So I had a reasonable seeming solution using a Chernoff bound, but then realized I'd forgotten to add 1 when calculating my Delta and now my solution just seems off, any input would be welcome.
Let Xi be the degree of node i, $E[X_i] = (n-1)(\frac12 + \alpha)$
Chernoff: $P[Xi <= (1 + \delta)E[X_i] <= e^{-E[X_i]\delta^2/3}$
$(1+\delta)(n-1)(\frac12 + \alpha) = \frac n2 $ $\delta = \frac {-n}{2(n-1)(1/2 + \alpha)} + 1 \approx \frac{-1}{2(\frac12 + \alpha)} =\frac{2\alpha}{(2\alpha+1)}$
So using this gives me a bound of $e^{(-(n-1)(\frac12 + \alpha)(\frac{2\alpha}{(2\alpha+1)})^2/3} = e^{-(n-1)(\frac{2\alpha^2}{(2\alpha + 1)})/3}$ Now with union bound the probability of not all nodes having degree >= $\frac12$ is $ne^{-(n-1)(\frac{2\alpha^2}{(2\alpha + 1)})/3}$, and from the contrapositive of Dirac's theorem this represents a bound for the probability of a random graph with $p = \frac12 + \alpha$ not containing a Hamilton cycle.
Now I feel like I must have made a mistake somewhere, since for small $\alpha$ the term $e^{-(n-1)(\frac{2\alpha^2}{(2\alpha + 1)})/3}$ approaches 1, so the probability approaches n, which means it can't be a probability. Any inputs are appreciated thanks
Your calculation looks reasonable (I didn't check every detail, just the result) and you should not be concerned.
First of all, the union bound gives an upper bound on a probability, but the value it gives does not need to be smaller than $1$. In cases where the union bound gives a value larger than $1$, this just means that it is not telling you anything useful.

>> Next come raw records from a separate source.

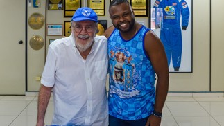 O cineasta Cacá Diegues e o carnavalesco João Vitor Araújo — Foto: Eduardo Hollanda
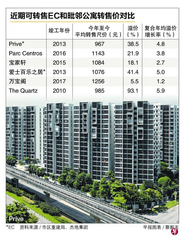 橙易产业研究与咨询部主管孙燕清说,出售EC的溢价幅度通常比一般公寓来得高,而去年楼市回温更进一步推高转售价。她指出,EC转售价是和私宅转售市场挂钩。
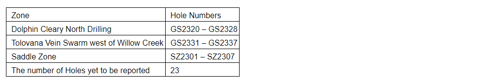 Assays are pending for holes GS2331 to GS2337, drilled west and to the west of Willow Creek, intended to expand the higher-grade mineralization toward the west. Hole GS2337 was drilled in a previously untested geochemical trend to the southwest of the Dolphin zone. Visible gold has been noted in GS2237.
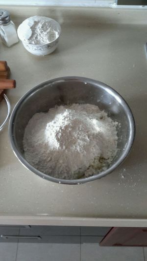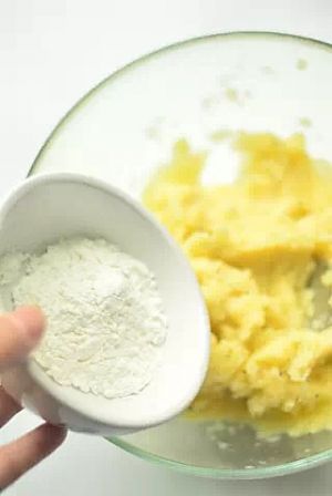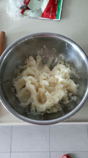 将土豆磨成泥,加入面粉、鸡蛋搅拌成糊状
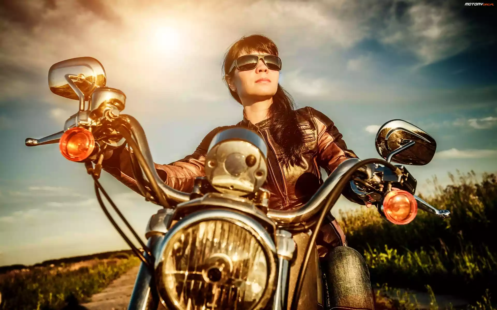 Pola, Droga, Motocykl, Dziewczyna, Retro, Motocykl

For example, suppose I flip $n$ coins, and want to union-bound the probability that at least one coin lands heads. Each coin lands heads with probability $\frac 12$, so the union bound says that the probability that at least one coin lands heads is at most $\frac n2$. Is this a mistake? No, it's a valid upper bound: the probability is $1 - (\frac12)^n$, and $1 - (\frac12)^n < \frac n2$. It's just that the union bound is not the right tool here.
Second, in your case the result is not concerning, and the union bound seems to be doing just fine. For a small but fixed $\alpha$, the constant $(\frac{2\alpha^2}{(2\alpha + 1)})/3$ will be small but positive. For example, when $\alpha = 0.01$, it is a bit over $0.000065$. But this means that you're getting a bound of roughly $n e^{-0.000065n}$, and this is still going to $0$ as $n \to \infty$. Just, you know, very slowly. When $n$ is a million, the bound becomes very small.
(It is true that if, for example, $\alpha = \frac1n$, then $e^{-(n-1)(\frac{2\alpha^2}{(2\alpha + 1)})/3} \to 1$ as $n \to \infty$. But if the edge probability is $\frac12 + \frac1n$, we shouldn't actually expect all the vertices to have degree more than $\frac n2$, so this is not surprising. We need $\alpha$ to be a positive constant for your method to work.)
You should also keep in mind that Dirac's theorem is not a very powerful tool to use here. It works, but if you want better bounds, you'll need better strategies. And if you look around for results on Hamiltonian cycles in random graphs, you see that they appear in $G_{n,p}$ for a much smaller $p$, so you can potentially prove much stronger results for $G_{n,1/2}$.